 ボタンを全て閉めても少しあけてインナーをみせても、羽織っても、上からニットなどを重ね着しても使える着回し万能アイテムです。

------------------------------------------------------------

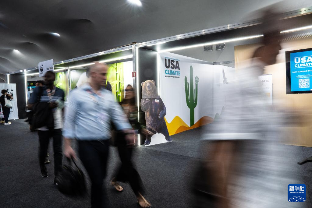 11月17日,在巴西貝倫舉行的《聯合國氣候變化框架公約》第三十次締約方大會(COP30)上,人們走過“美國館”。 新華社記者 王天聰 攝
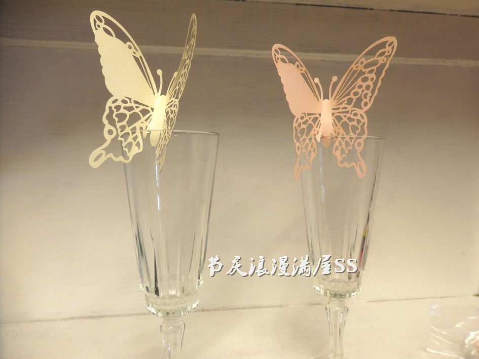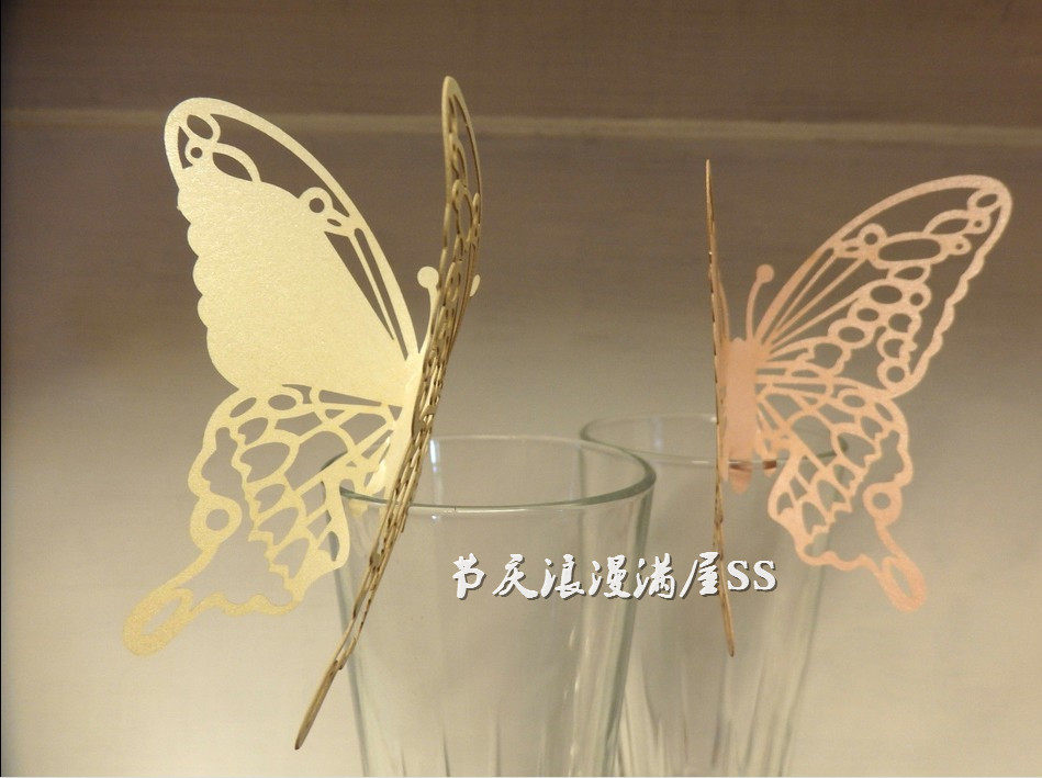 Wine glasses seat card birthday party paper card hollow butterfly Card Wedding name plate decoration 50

------------------------------------------------------------

--- EXERCISE GOAL ---
Your answer should be the lines above, word for word, from the line with "新華社記者 王天聰 攝" through the line with "Wine glasses seat", minus the pictures.

--- RESULT BELOW ---
 11月17日,在巴西貝倫舉行的《聯合國氣候變化框架公約》第三十次締約方大會(COP30)上,人們走過“美國館”。 新華社記者 王天聰 攝
 Wine glasses seat card birthday party paper card hollow butterfly Card Wedding name plate decoration 50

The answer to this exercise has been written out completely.